= Raw data =
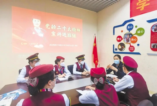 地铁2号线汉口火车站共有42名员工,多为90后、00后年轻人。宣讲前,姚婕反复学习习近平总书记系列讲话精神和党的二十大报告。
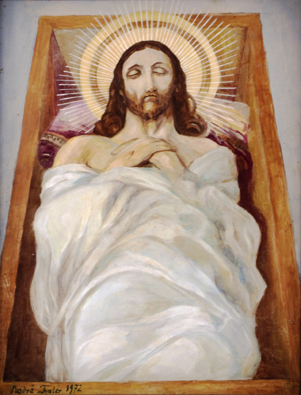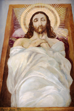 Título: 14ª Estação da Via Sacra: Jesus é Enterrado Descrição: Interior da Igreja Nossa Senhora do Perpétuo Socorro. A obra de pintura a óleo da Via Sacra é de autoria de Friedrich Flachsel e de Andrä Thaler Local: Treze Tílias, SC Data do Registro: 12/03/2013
...
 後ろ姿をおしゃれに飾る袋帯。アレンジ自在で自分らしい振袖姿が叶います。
==
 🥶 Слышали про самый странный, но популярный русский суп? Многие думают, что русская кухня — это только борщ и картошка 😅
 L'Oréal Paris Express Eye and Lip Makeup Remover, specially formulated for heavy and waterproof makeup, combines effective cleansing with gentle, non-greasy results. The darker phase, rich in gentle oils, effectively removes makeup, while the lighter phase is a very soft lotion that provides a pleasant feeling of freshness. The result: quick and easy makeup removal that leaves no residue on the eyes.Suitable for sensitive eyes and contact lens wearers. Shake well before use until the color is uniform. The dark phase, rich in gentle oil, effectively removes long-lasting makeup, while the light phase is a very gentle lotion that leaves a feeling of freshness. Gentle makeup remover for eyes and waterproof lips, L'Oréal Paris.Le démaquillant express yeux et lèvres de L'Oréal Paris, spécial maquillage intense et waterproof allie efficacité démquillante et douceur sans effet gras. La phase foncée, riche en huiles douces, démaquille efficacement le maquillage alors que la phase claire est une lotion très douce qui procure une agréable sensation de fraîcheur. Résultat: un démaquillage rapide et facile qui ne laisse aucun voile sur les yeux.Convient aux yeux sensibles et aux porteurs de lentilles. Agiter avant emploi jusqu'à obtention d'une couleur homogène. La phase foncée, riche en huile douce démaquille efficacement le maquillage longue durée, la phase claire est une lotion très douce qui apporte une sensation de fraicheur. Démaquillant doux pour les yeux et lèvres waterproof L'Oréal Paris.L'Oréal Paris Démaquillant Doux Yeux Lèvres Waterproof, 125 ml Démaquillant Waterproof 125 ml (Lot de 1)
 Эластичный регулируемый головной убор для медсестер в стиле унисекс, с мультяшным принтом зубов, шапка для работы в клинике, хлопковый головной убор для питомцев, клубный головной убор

= Your instructions =
Return the material from the line containing "地铁2号线汉口火车站共有42" through the line containing "Título: 14ª Estação", exactly and in full, but without its pictures.

= Solution below =
 地铁2号线汉口火车站共有42名员工,多为90后、00后年轻人。宣讲前,姚婕反复学习习近平总书记系列讲话精神和党的二十大报告。
 Título: 14ª Estação da Via Sacra: Jesus é Enterrado Descrição: Interior da Igreja Nossa Senhora do Perpétuo Socorro. A obra de pintura a óleo da Via Sacra é de autoria de Friedrich Flachsel e de Andrä Thaler Local: Treze Tílias, SC Data do Registro: 12/03/2013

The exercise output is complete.